14 September 2021
The Supreme Court of India had struck down the draconian Article 377, that criminalised gay sex, on 6th September, 2018. The judgement was widely welcomed, but prejudices remain. Life is harsh for the LGBTQ community in India. However, some Indo-Canadians are coming out of the shadows, breaking the taboo and living a life they aspired for. All this encapsulated in a new feature documentary ‘Emergence: Out of the Shadows.’ The film has caught the fancy of the North American media. The film, set to hit the Indian screen space soon, is relevant, as all characters have an India connection. Overpowering emotions, shocking revelations, sombre moods, teary eyed narrative eventually meet a ray of hope as parents accept children unconditionally, the way they are. Giving a new tone and tenor to the whole idea of love.
For Kayden, Jag, and Amar, awakening to and expressing their sexuality within conservative South Asian families was a lonely and terrifying experience. Heart-wrenching and healing, their distinct coming-out paths offer comfort, compassion, and inspiration to individuals and communities struggling with acceptance.
The stories of Kayden, Amar, and Jag begin from a place of darkness and emerge out of the shadows to a place of courage and hope. Imagine you are a young international student from Punjab, studying Computer Science at Langara College in Vancouver. Everything is going well and you are enjoying life in this beautiful west coast Canadian city. You feel blessed. Then suddenly, overnight, your life comes crashing apart. The relatives you are living with in Surrey find out you are gay and kick you out of their house. Your cousin physically assaults you. Then your mother and father and family in Punjab have disowned you and want nothing to do with you.

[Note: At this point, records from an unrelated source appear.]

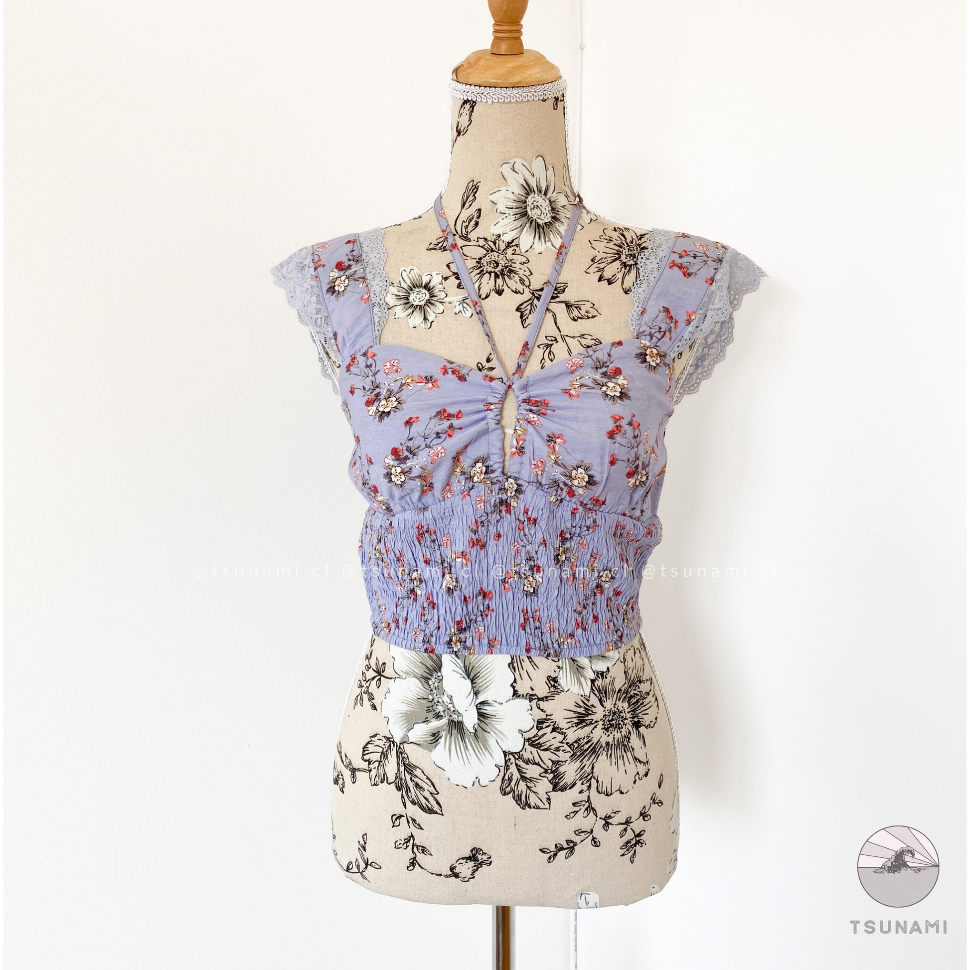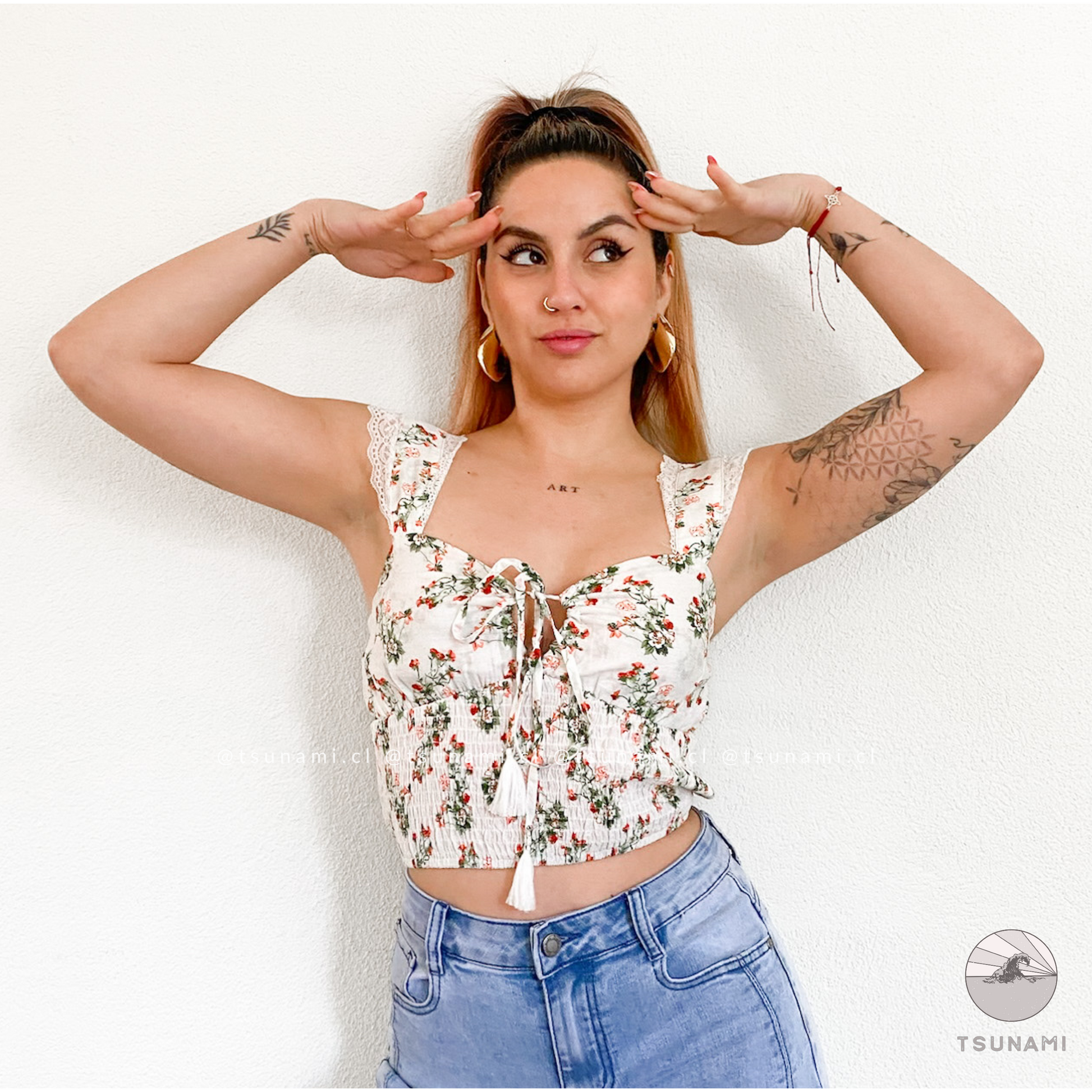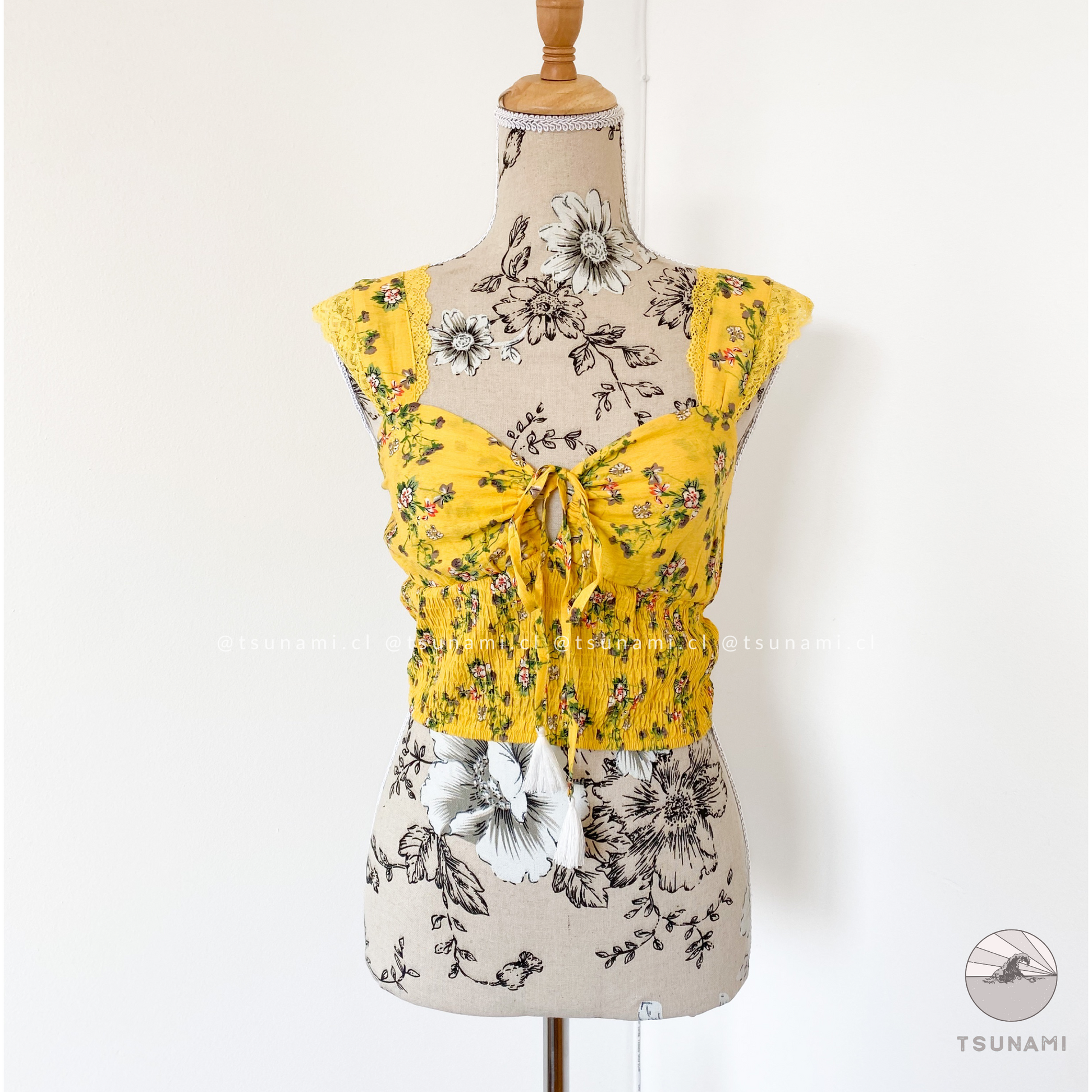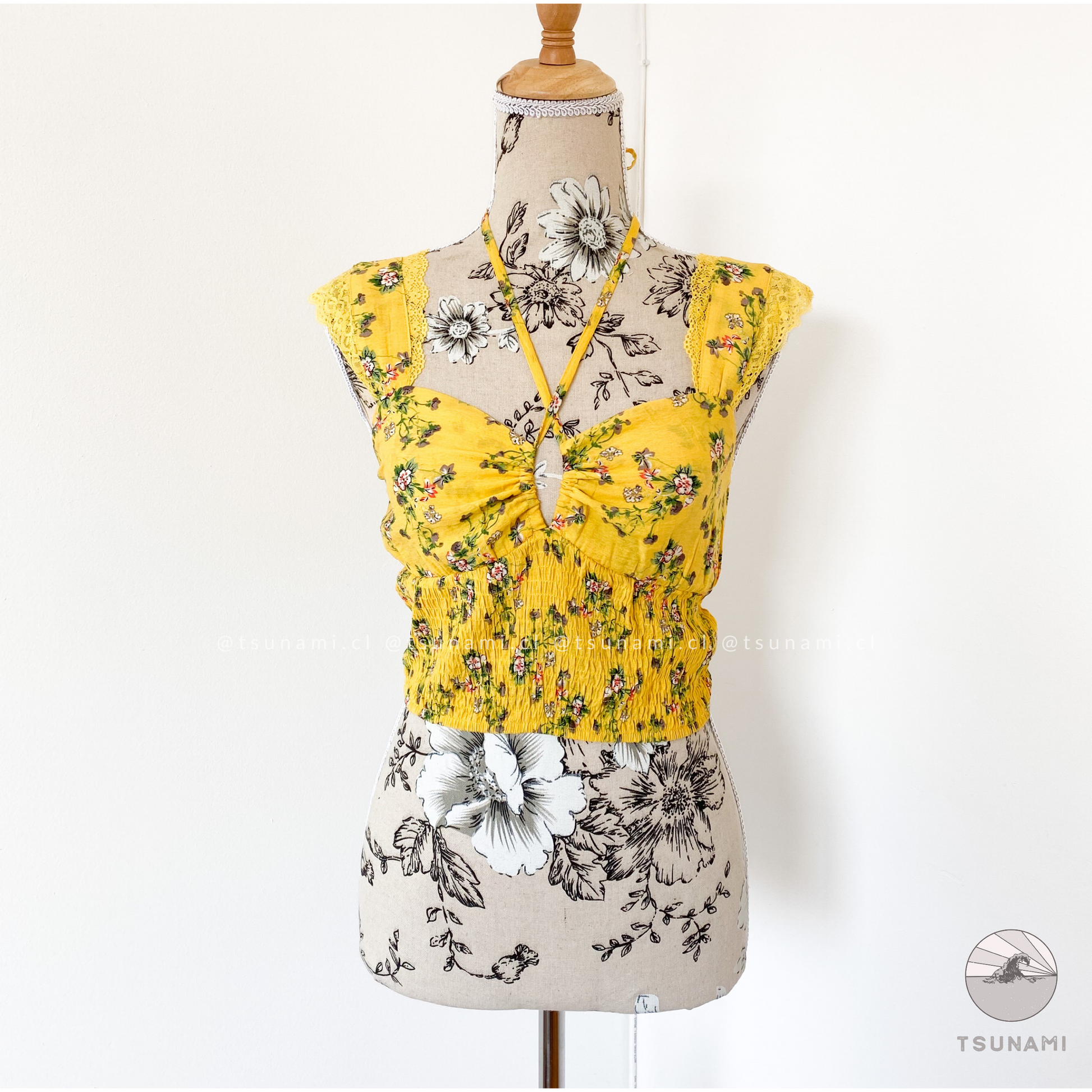 Top de viscosa, tela rígida, con cintura tipo acordeón que se adapta al cuerpo. Posee además un lazo en el escote que se puede usar de distintas formas. Tallas S/M y L/XL.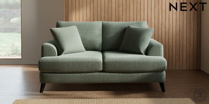 7.2.5 Buy Parker 3 Seater Small Sofa Chunky Texture Mid Forest Green Low Retro Tapered - Dark from the Next UK online shop Click here to use our accessible website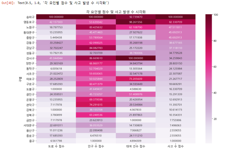 df_heatmap.sort_values(by='사고 수 점수', ascending=False, inplace=True)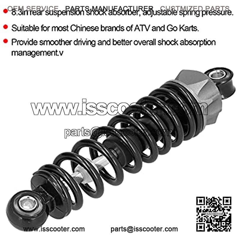 Ideal riding accessories: Universal 8.3-inch rear suspension shock absorbers, spring pressure adjustable, to meet your different needs. Provides smoother driving and better overall shock absorption management, bringing a better riding experience.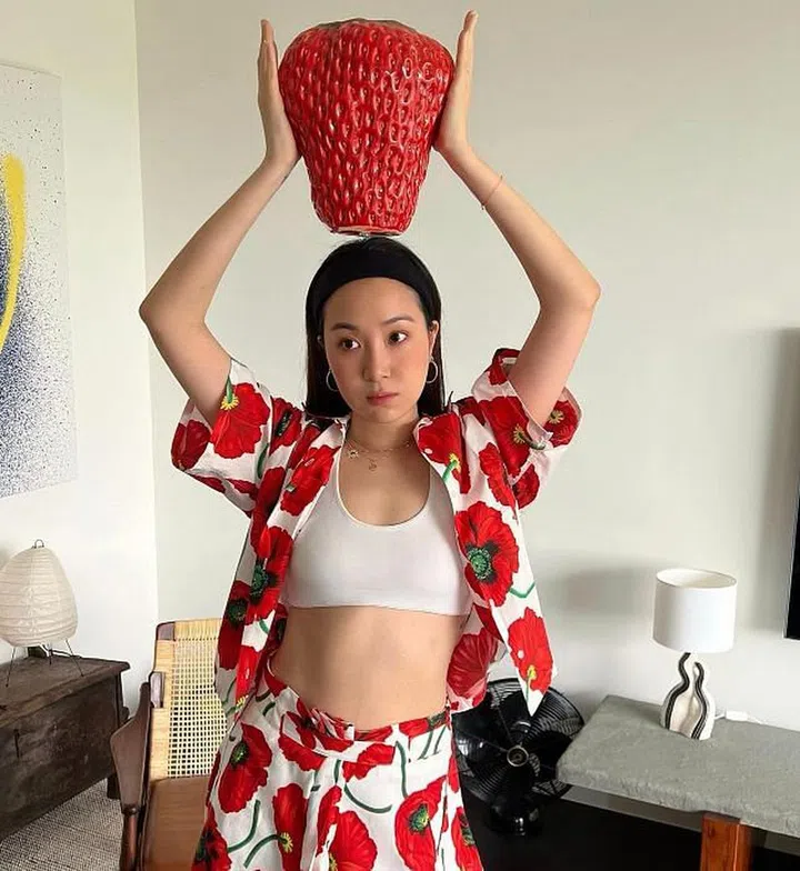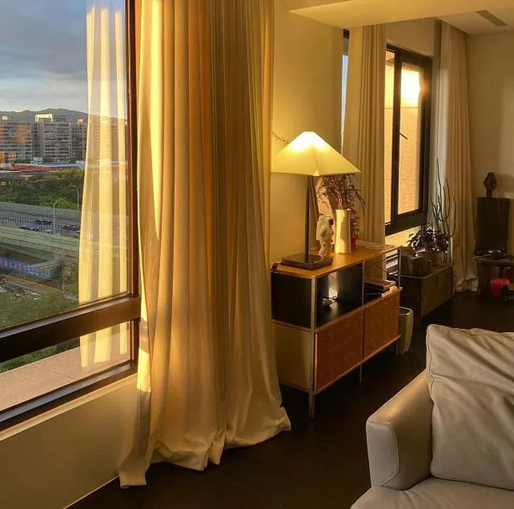 杨祐宁在IG分享家中日落黄昏的风景,留言:“Magic Hour”。梦幻的夕阳光晕填满空间,奶黄色窗帘和家具仿佛洒上一层金粉,和谐地融为一体。窗边摆放着Herman Miller的经典储物柜,台面上则摆放Armani的LOGO lamp台灯,以及意大利品牌SELETTI的宇航员花瓶摆件,处处都是小心思。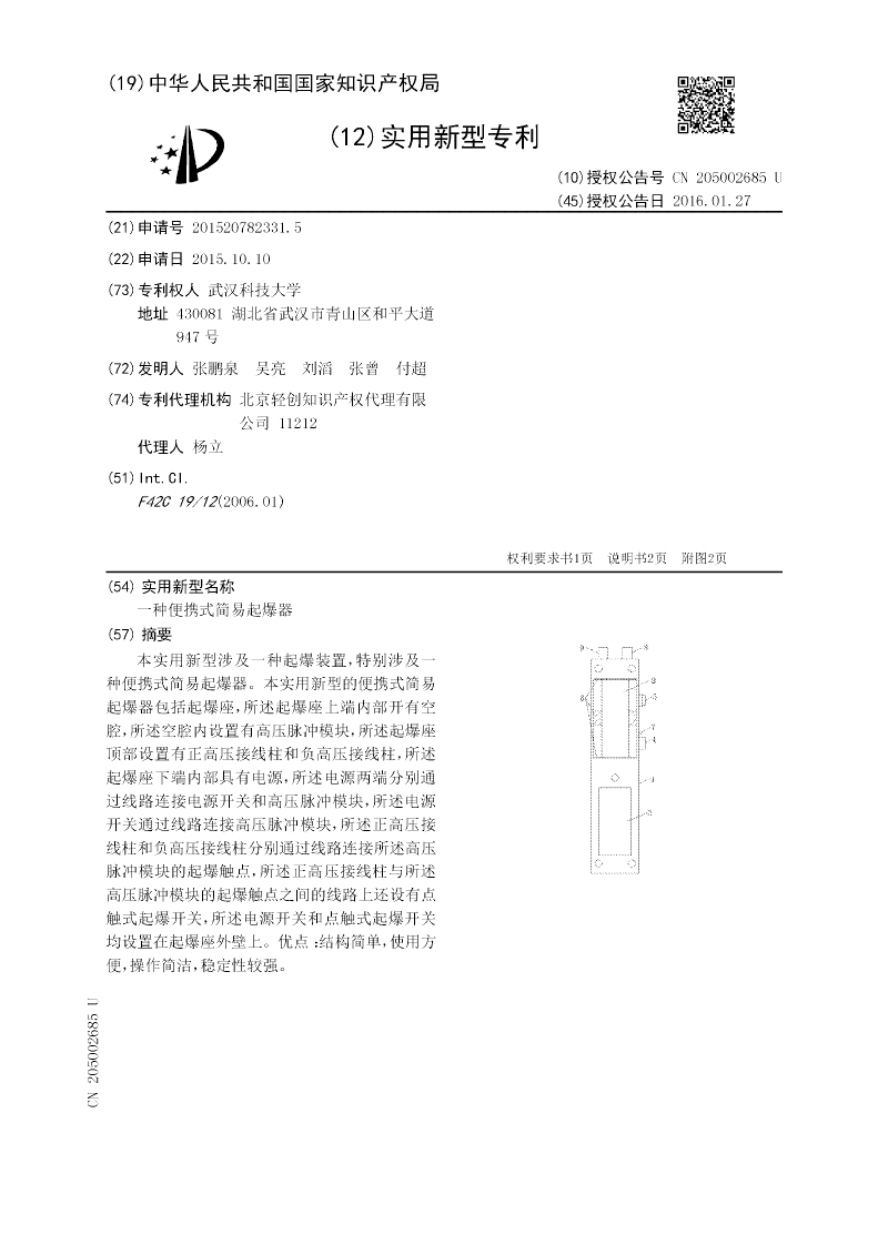 本实用新型涉及一种起爆装置,特别涉及一种便携式简易起爆器。本实用新型的便携式简易起爆器包括起爆座,所述起爆座上端内部开有空腔,所述空腔内设置有高压脉冲模块,所述起爆座顶部设置有正高压接线柱和负高压接线柱,所述起爆座下端内部具有电源,所述电源两端分别通过线路连接电源开关和高压脉冲模块,所述电源开关通过线路连接高压脉冲模块,所述正高压接线柱和负高压接线柱分别通过线路连接所述高压脉冲模块的起爆触点,所述正高压接线柱与所述高压脉冲模块的起爆触点之间的线路上还设有点触式起爆开关,所述电源开关和点触式起爆开关均设置在起爆座外壁上。优点:结构简单,使用方便,操作简洁,稳定性较强。

You are trapped in a foreign country with no money for food, shelter or to pay your college fees. Your immigration status is in limbo. What would you do? How would you survive?
This is the opening premise of the feature documentary film – ‘Emergence: Out of the Shadows’. Emergence moves beyond being a true story of survival, resourcefulness and resilience. It illuminates the trauma of family rejection and its impact on emotional and psychological health, especially for this young man, Kayden. The film explores the struggles and strengths of two South Asians who have emerged from similar experiences in Vancouver– a gay man, Amar, and lesbian, Jag. Sharing their stories of coming out experiences within a traditional South Asian community gives a rare glimpse into the challenges faced with traditional South Asian families.
Produced by Alex Sangha who is the founder of ‘Sher Vancouver’, a not-for-profit society and registered charity for LGBTQ+ South Asians. The Governor General of Canada awarded Sangha, a social worker and counsellor, with the Meritorious Service Medal for founding Sher Vancouver. Sangha dedicated this award to his Mother Jaspal Kaur, who raised Sangha and his two brothers as a single parent. Sangha is also the producer of “My Name Was January”, winner of 15 international awards and 66 official selections at film festivals around the world.
The film is directed by Vinay Giridhar, who says, “The film can help you understand the unique challenges faced by LGBTQ community of South Asia.”